Первое появление Брешковской в Нью-Йорке произошло в Купер Юнион и стало самой воодушевляющей манифестацией, которую мне доводилось видеть за последние годы. Бабушка, которая никогда ранее не выступала перед такой огромной толпой, сперва немного волновалась. Но, совладав с нервами, она произнесла речь, ошеломившую публику. На следующий день газеты были практически единодушны, отдавая должное величию старой леди. Они могли себе позволить расщедриться на похвалы для той, чьи нападки были обращены против несправедливости в далекой России, а не в их собственной стране. Но мы порадовались отношению прессы, потому что знали, что огласка привлечет внимание к делу, в интересах которого приехала Бабушка. Впоследствии она произнесла речь на французском языке в клубе «Восход» перед самым многочисленным собранием в истории этой организации. Я выступала в роли переводчика, как и на большинстве закрытых собраний, которые были для организованы для Бабушки. Одно из них состоялось на 13-й Восточной улице, 210, и толпа слушателей была слишком велика для моей скромной квартиры. Присутствовали Эрнест Кросби, Болтон Холл, Кориеллы, Гилберт Роу и многие члены Университетского благотворительного общества[5], а также Фелпс Стоукс, Келлогг Дёрланд, Артур Баллард и Уильям Инглиш Уоллинг и женщины, известные в радикальных кругах. Лиллиан Д. Уолд из Благотворительного общества медсестер сердечно откликнулась; она организовала приемы для Бабушки и преуспела в том, чтобы заинтересовать десятки людей проблемами России.

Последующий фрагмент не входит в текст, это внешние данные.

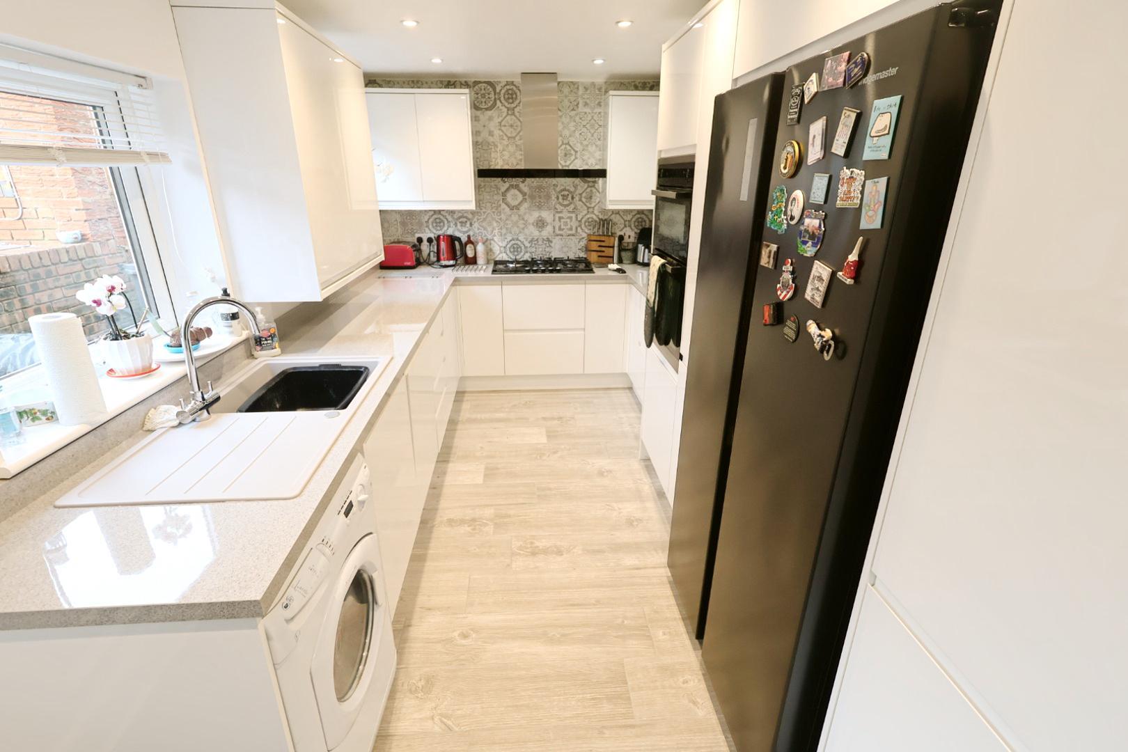 Fitted with wood grain-effect ceramic tiled flooring, a contemporary column-style radiator, and recessed ceiling downlights. Two windows face the side elevation, along with an opaque UPVC double-glazed rear door. The kitchen is fitted with an array of attractive modern white gloss fronted wall, base, and drawer units with work surfaces, housing a resin single drainer sink with mixer tap, a cupboard for the gas boiler, and integrated appliances including a stainless steel double oven, five-ring gas hob with extractor hood above, and a dishwasher. There is also space and plumbing for a washing machine.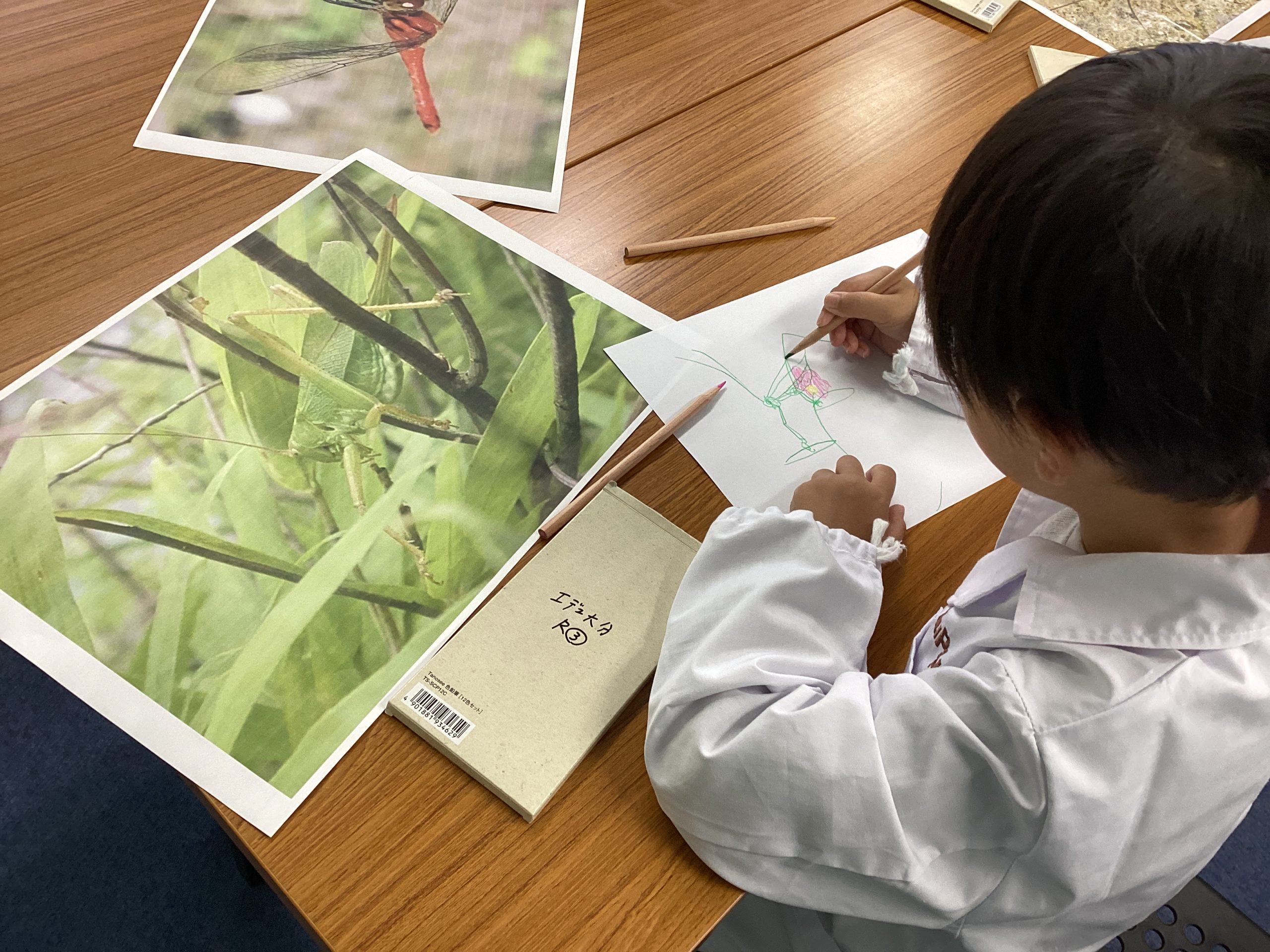 「赤とんぼ」「コオロギ」「スズムシ」「バッタ」の写真を見せると

Часто после наших поздних собраний мы с Бабушкой возвращались вместе, чтобы переночевать у меня в квартире. Было удивительно наблюдать, как она взлетает на пятый этаж с энергичностью и бодростью, которые могли пристыдить даже меня. «Дорогая Бабушка, — сказала я однажды, — как вам удалось сохранить свою молодость после всех этих лет в тюрьме и ссылке?» «А как вам удалось сохранить свою, живя в этой разрушающей душу материалистической стране?» — спросила она в ответ. Ее долгая ссылка никогда не была застоем: всегда встречались новые лица из числа проезжающих политических. «Многое вдохновляло и поддерживало меня, — сказала она, — но на что опереться в вашей стране, где идеализм считается преступлением, бунтарь — изгоем, а деньги — единственный бог?» Пример тех, кто уже прошел этот путь, ее в том числе, и идеал, который мы выбрали, давали нам мужество упорно продолжать борьбу – только и могла я ответить. Время, проведенное с Бабушкой, было самым богатым и ценным опытом в моей пропагандистской жизни.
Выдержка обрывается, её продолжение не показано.